I’ve also been in touch with Ciara from Hambly & Hambly regarding her planned sculpture garden.

Great things going on there at Dunbar House.

What are you up to when you aren’t creating art?

I am a teacher by profession which probably affords me more leisure-time than most.

When I’m not busy in my studio, I like the great outdoors.

I’m lucky enough to live in a part of London that is a 10-minute walk away from an expansive forest.

This allows for plenty of family forest walks or bike-rides and has been such a godsend over the lockdown period.

Under normal circumstances I usually spend a few weeks of the year back home - yes, I still think of ‘Skintown’ as home - but I haven’t done any travelling this year, and I am really missing my Fermanagh fix.

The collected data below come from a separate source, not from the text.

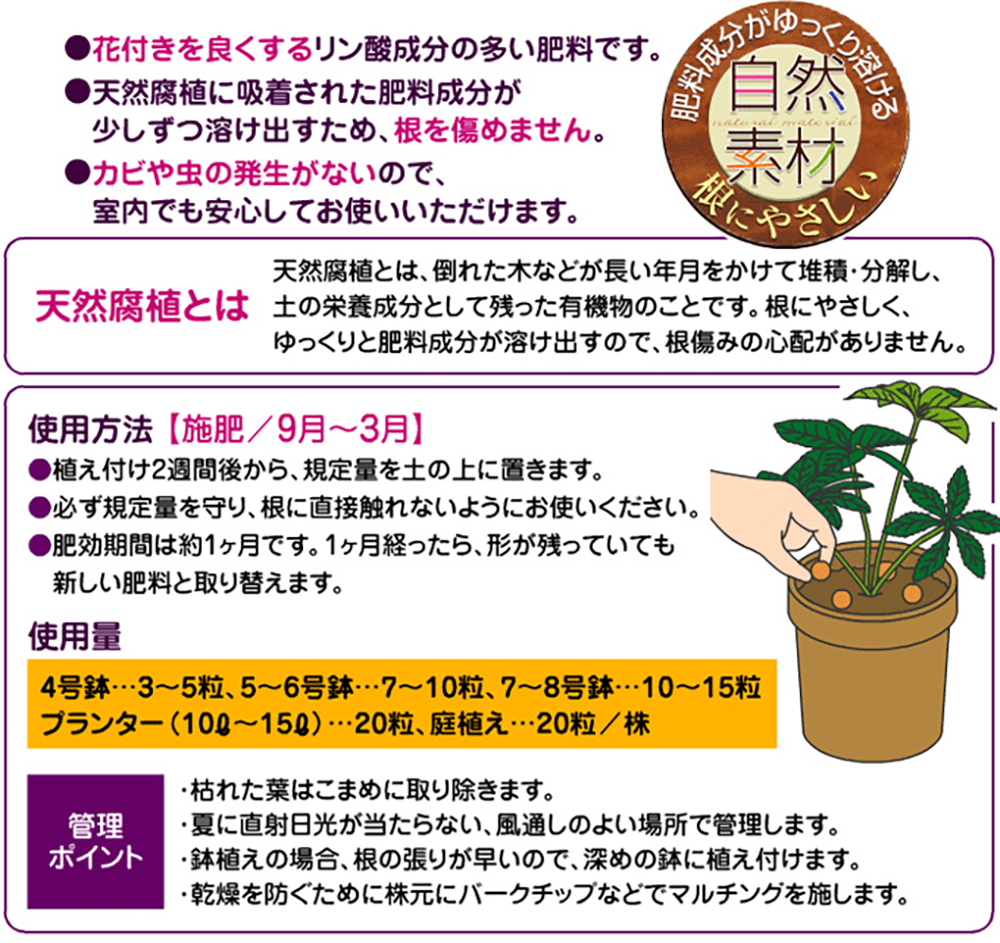 花ごころ クリスマスローズの肥料■花付きを良くするリン酸成分の多い肥料です■天然腐植に吸着された肥料成分が、少しずつ溶け出すため、根を痛めません■カビや虫の発生がないので、室内でも安心してお使いいただけます
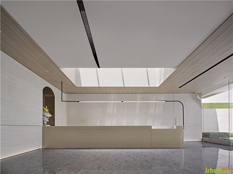 時(shí)間在天井下方的接待處,留下閃亮的金光,明亮的空間氣氛,內(nèi)外一體同呼吸。呈現(xiàn)出層迭變化的光影蘇州售樓處設(shè)計(jì),凸顯出一種自然的時(shí)序節(jié)奏,并賦予觀者一種在吐納間,涵蓋物外的心境。
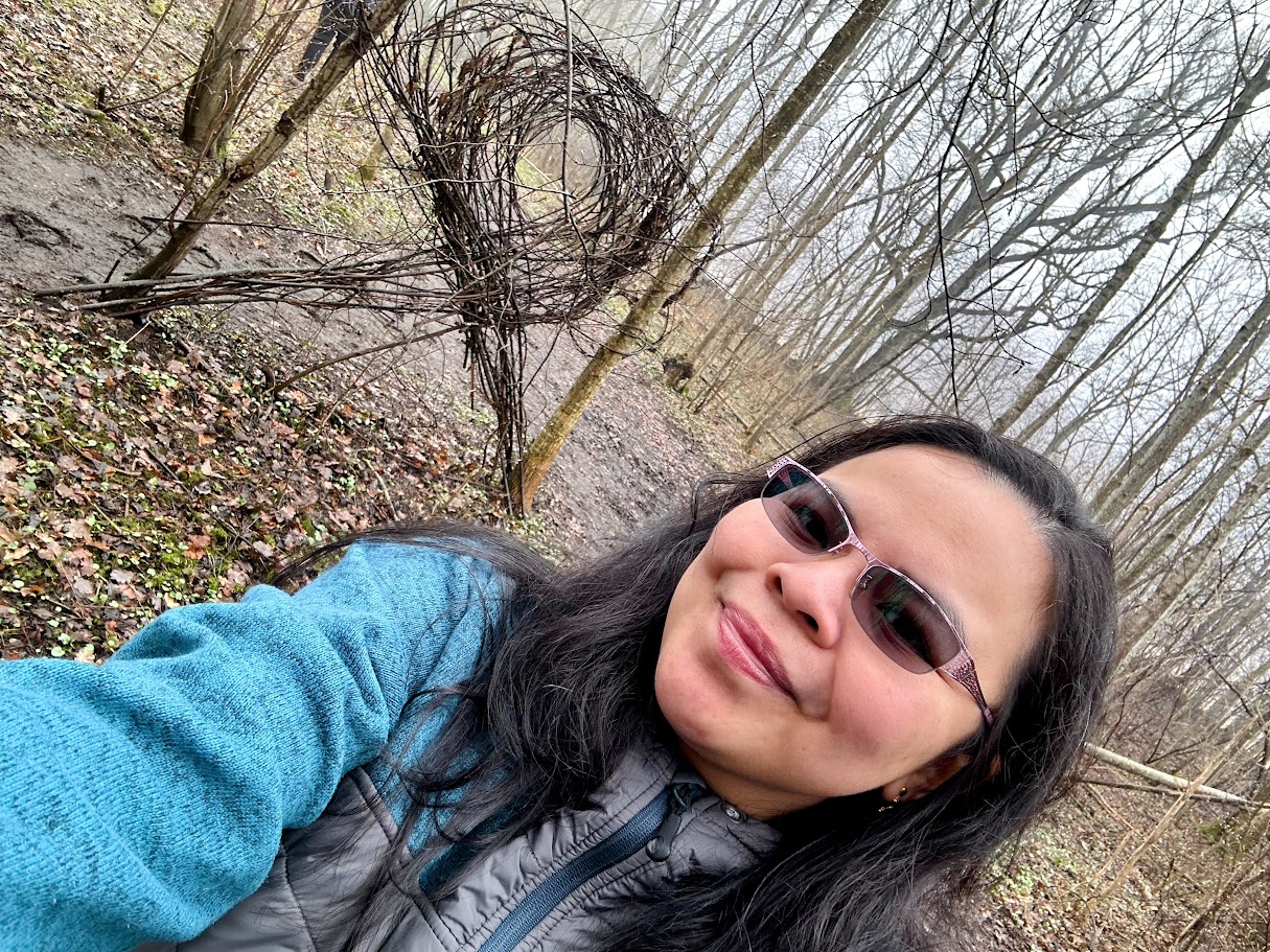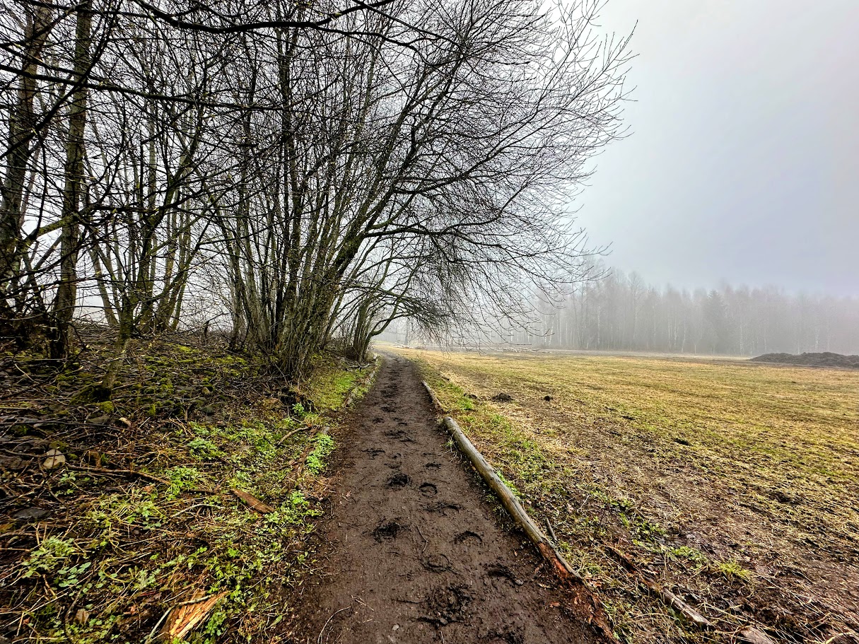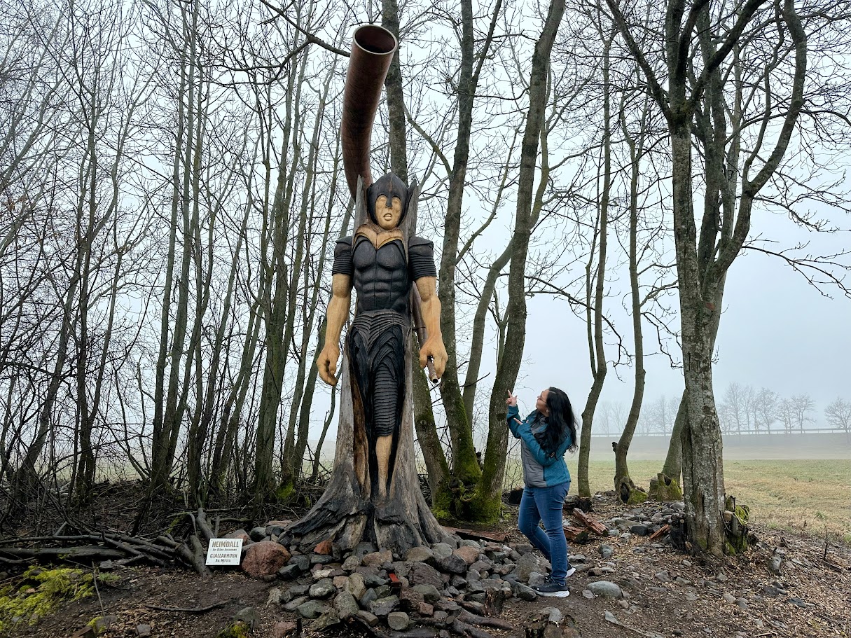 Then, through a little forest. The ground was muddy and covered in horse tracks. Then, we saw a wooden statue of Heimdall! In Norse mythology, he guards Bifrost, the rainbow bridge that leads to Åsgard, home to the Æsir gods. This visit is very timely. Carl & I just finished reading the Prose Edda by the Icelandic Snorri Sturluson (1179-1249).

What does your art mean to you?

My work is focussed on form rather than function. I use fired clay to immortalise my sculptural ideas, which range from the figurative to what I call ‘abstract pots’.

Although I have been a Londoner for more than half my life, I retain a passion for the music, folklore and art of my home turf.

My use of spirals within the form and in the surface decoration of some of my work reflects this, to some degree, but the spiral is not unique to Irish or Celtic culture, and is a feature within the art of many ancient cultures across the globe.

I like to think there is a more universal appeal to the twists and curls of these pieces.

I don’t claim to make any statement with my work - I just want to create objects which I think have a beauty about them, and hope that others might see that beauty, too.

If they do, then that’s cool; if they don’t, well, that’s cool too.